In some ways, I am the ghost she senses, against whom she sometimes locked and unlocked the doors, a spirit that can no longer be there in the flesh, so must linger in the air outside, or down the block or in the air above the nearby river, condemned to remain and yet be excluded, imprisoned by my memories of what happened there, the breakfast vegetables, the afternoon delight, the glasses of wine seated on her couch.

Other men (perhaps better men) have come there, of course, spirits I felt each time I came and went, and often imagined during those late night texts, each of us finding pleasure in ourselves at a distance.

She calls it a place of windows, as it is, but feels like a fortress to me, where she – that amazing figure from some old fairy tale, let down her hair long enough for me to climb into her life, her arms, her bed, which I repeat in memory long after I ceased being welcome in the flesh.

This is where her heart resides, beating fast when she is afraid, perpetually making her aware of loves gained and loves lost, a sunny world by day, but mysterious at night, especially with all those icons of her life, her paintings on the walls, books of her heroes, (mine and others), and the window in the kitchen where she perches bird-like when she smokes.

It is a place I can see even with my eyes closed, the long rooms, and where we sat during those few times I was welcome, where we kissed on the couch, and later made love (once successfully) on her bed, my fingers still feeling the special places, the tender places and my mouth still tastes them as well.

The ache of it still clings to me even as it will long after she has departed it, when the reality no longer matches what I remember, and I cling to the memory because it is the only thing that is real, what I feel when stirring in my sleep, what I see when I close my eyes, what I taste – the wine, the woman and without doubt the song.

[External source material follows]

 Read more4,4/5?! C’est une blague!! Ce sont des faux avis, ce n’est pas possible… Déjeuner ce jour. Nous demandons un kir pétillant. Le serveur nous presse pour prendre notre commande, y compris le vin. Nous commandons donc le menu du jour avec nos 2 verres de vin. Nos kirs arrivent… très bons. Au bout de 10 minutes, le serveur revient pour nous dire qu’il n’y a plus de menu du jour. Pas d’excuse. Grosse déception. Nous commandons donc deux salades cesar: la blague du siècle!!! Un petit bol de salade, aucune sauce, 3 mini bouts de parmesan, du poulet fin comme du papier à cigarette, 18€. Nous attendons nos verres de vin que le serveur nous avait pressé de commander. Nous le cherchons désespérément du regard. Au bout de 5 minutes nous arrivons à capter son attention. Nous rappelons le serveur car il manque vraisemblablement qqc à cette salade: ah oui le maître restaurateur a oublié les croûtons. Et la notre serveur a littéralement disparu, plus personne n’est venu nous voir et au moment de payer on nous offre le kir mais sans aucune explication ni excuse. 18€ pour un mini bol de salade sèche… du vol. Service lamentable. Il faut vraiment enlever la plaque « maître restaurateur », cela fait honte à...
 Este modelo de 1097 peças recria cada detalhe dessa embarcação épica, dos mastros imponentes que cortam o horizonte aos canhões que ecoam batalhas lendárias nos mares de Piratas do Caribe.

I will still remember her naked shape sprawled beside me, and will feel my fingers tingling from that touch long, long gone and perhaps she’s forgotten, that nakedness I first saw with the photographs she sent (and I kept and still cling to when all else has faded away).

I will dream, too, of her life spent here long after she’s ceased spending here, the troubled wakings, the rushed mid-mornings to get to work, the luxurious (and sometimes intensely lonely) evenings, shared, and sometimes greedily kept for herself, the lovemaking (imagined and experienced), the self-love when alone, the flow of her life that like the nearby river is never the same, yet always is, new things evolving into past experience as she gets on with her life.

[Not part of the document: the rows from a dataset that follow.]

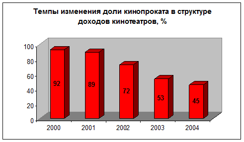 Из таблицы видно, что в структуре происходит постепенное перераспределение акцентов с позиций кассы кинопроката в сторону общепита и развлечений, что говорит о том, что современные кинотеатры становятся, прежде всего, местом культурного досуга населения.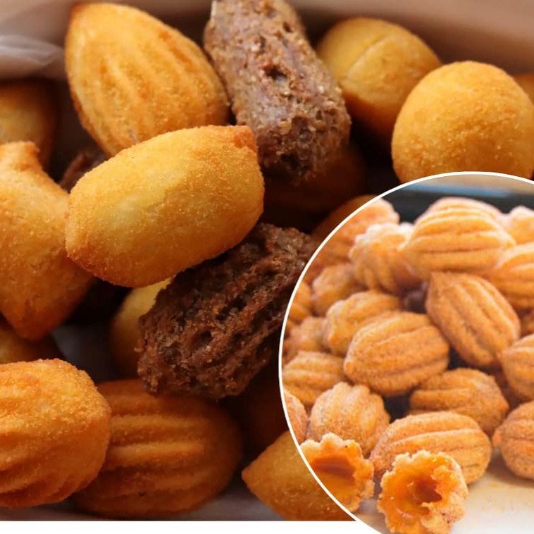 50 salgadinhos sortidos + 15 mini churros de doce de leite
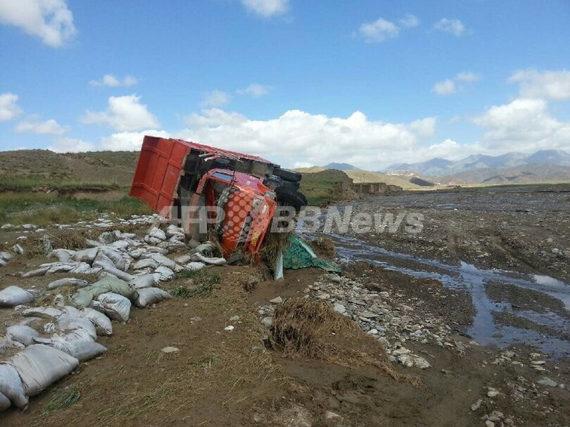 ニュース 社会 青海省の鉄砲水で21人死亡、中国で洪水被害拡大 2013年8月21日 20:57 発信地:中国 [ 中国・台湾 中国 ] このニュースをシェア ‹ › ❮ 2/15 ❯ 中国・北西部の青海(Qinghai)省海西(Haixi)で20日夜、ひょうを伴う突然の嵐と豪雨による鉄砲水が発生し、屋外の工事現場で作業中だった作業員21人が死亡した。国営新華社(Xinhua)通信が同日、発表した。この事故では他にも3人が行方不明になっている。中国では最近の豪雨で大規模な洪水が各地で発生しており、犠牲者が多数出ている。政府と新華社の20日の発表によると、これまでに130人以上が死亡している。写真は、青海(Qingha)省海西(Haix)で発生した鉄砲水によって横転したトラック(2013年8月21日撮影)。(c)AFP 画像作成中 ! 【8月21日 AFP】中国・北西部の青海(Qinghai)省海西(Haixi)で20日夜、ひょうを伴う突然の嵐と豪雨による鉄砲水が発生し、屋外の工事現場で作業中だった作業員21人が死亡した。国営新華社(Xinhua)通信が同日、発表した。この事故では他にも3人が行方不明になっている。 中国では最近の豪雨で大規模な洪水が各地で発生しており、犠牲者が多数出ている。政府と新華社の20日の発表によると、これまでに130人以上が死亡している。(c)AFP 社会 一覧へ> メディア・報道関係・法人の方向け 写真・動画 購入のお問合せ>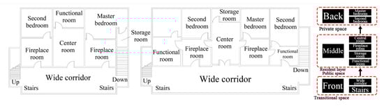 The top floor typically serves as a granary or lodging for unmarried children. As illustrated in Figure 7, the interior layout follows a traditional “front hall, rear chamber” plan, longitudinally divided into three zones (front, middle, and rear) along an entrance-oriented axis. This results in a spatial sequence characterized by a “staircase—wide corridor—fire pit—bedroom” arrangement [].

And yet, I imagine there are things that have happened here that never happened before and never will again, treasured moments, maybe even treasured people whose memory she carries away with her the way I carry away my memories of her, to which I revisit time and again in my dreams, unreal, yet an absolute reality, full of pain of loss because they were once so full of joy, the touch and being touched, the kiss and being kissed, the feel of it all pressed against me, forever present and forever gone, the way all ghost stories are.